Would one use a third party testing company for field testing?

Note that wireless LANs (WiFi) and wireless access (Mobile, Microwave, Satellite) are different kinds of beasts.
Testing over WiFi is reasonably simple, as all you need is a few kinds of hardware adapters and access points, covering the main chipsets and vendors in the market.
Testing wireless last-mile connectivity is harder, because it varies so much based on locale.

Many game developers who target console games let the platform owners (Microsoft, Sony, Nintendo) do the testing/validation. If you enter into the developer program for those platforms, you will receive recommendations that they have developed, and that they will test your game against to certify it for compliance for each platform. Because of the gatekeeper function of those companies, it's their requirements, not on-ground requirements, that matter.

Testing cellular is harder, although you can get a few different phones or cell modems with different technologies (GPRS, 3G, 4G, LTE, WiMax, etc) and drive around town to find different levels of reception, and then run a test through those set-ups.
You may also be able to use crowd-sourcing solutions, like odesk, freelancer, etc, to run tests for you if you can clearly define the tasks and reports you need.

I doubt most game developers go to that length, though. The big ones know their networking works because they certify for the consoles and likely use very similar code for PC. The small ones have bigger problems to worry about, and probably make do with a soft network emulators like netem or wanem or gns3 or whatever.
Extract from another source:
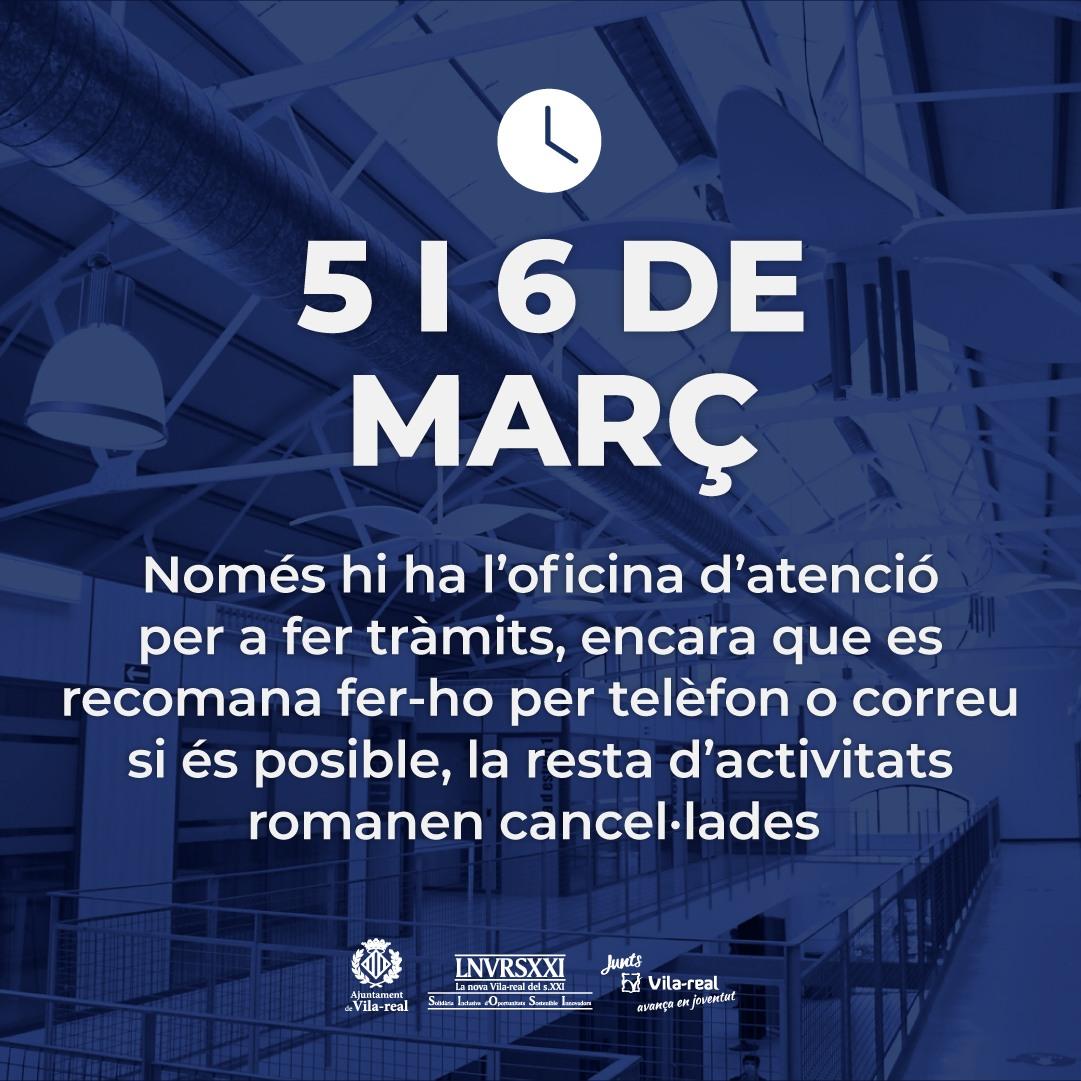L’Espai Jove de Vila-real ha anunciat ajustos en els seus serveis durant els dies 4, 5 i 6 de març. Segons les últimes informacions facilitades per l’Ajuntament, el centre romandrà obert al públic els dies 4 i 5 de març, però sense servei d’aula d’estudi. A més, per als dies 5 i 6 de març, totes les activitats programades han sigut cancel·lades, a excepció de l’oficina d’atenció per a tràmits, que es mantindrà operativa, encara que es recomana realitzar les gestions preferentment per telèfon o correu electrònic.

Make some educated guesses (up to 500 ms round-trip latency, up to 100 ms jitter, emulate 10% packet loss, limit bandwidth at 256 kilobit, or whatever) and call it good when it works.

Thanks again for your insight into the industry.
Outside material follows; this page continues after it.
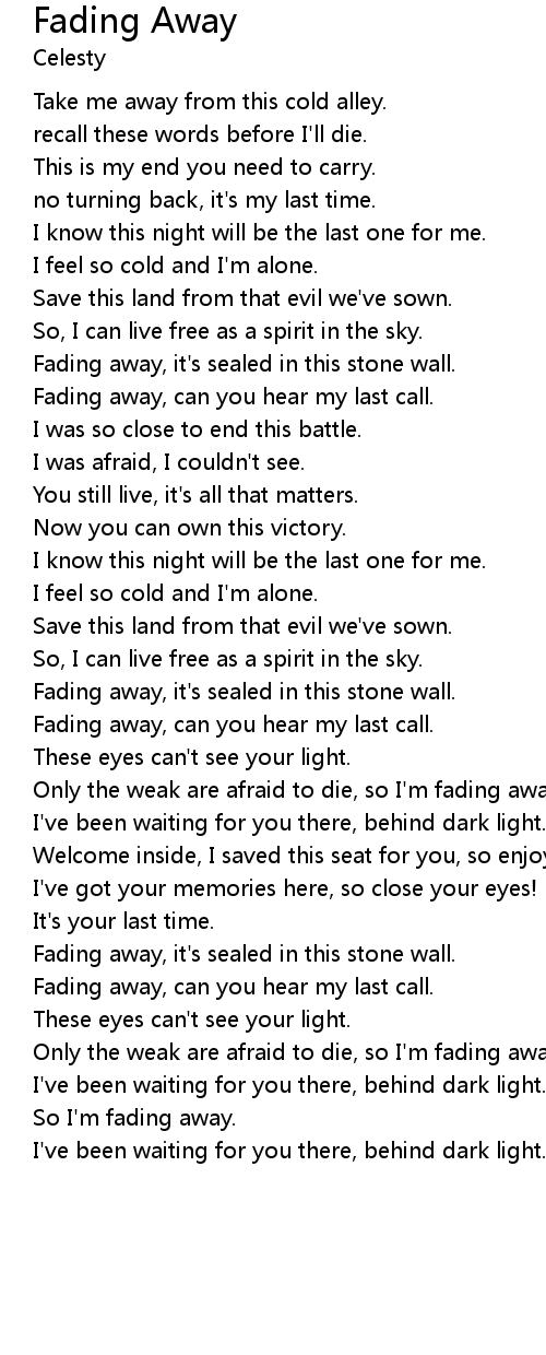 | So I' m fading away. | |

Latency on WiFi connections is actually just as high and variable as on cellular networks. This is due to the quality of the radio channel (fading) and the traffic, and has little to do with the hardware involved. Recent data collected over a 6-month period by OpenSignal demonstrates this point and is summarized here: http://opensignal.com/blog/2014/03/10/lte-latency-how-does-it-compare-to-other-technologies/

OpenSignal collects data from over 1.2 billion WiFi points and 800,000 cell towers.

Our limited testing confirms this as well: http://sugarcanegames.com/latencysummary2.html

This is due to the quality of the radio channel (fading) and the traffic, and has little to do with the hardware involved

I agree -- the fact that it's radio doesn't change between vendors. Unfortunately, it is also the case that some vendors hardware and drivers and firmware is better than others, and the race-to-the-bottom in cost which drives the US market means that some vendor that was great last year, may have a dud the next year :-(
If you then want to support Linux, your woes multiply.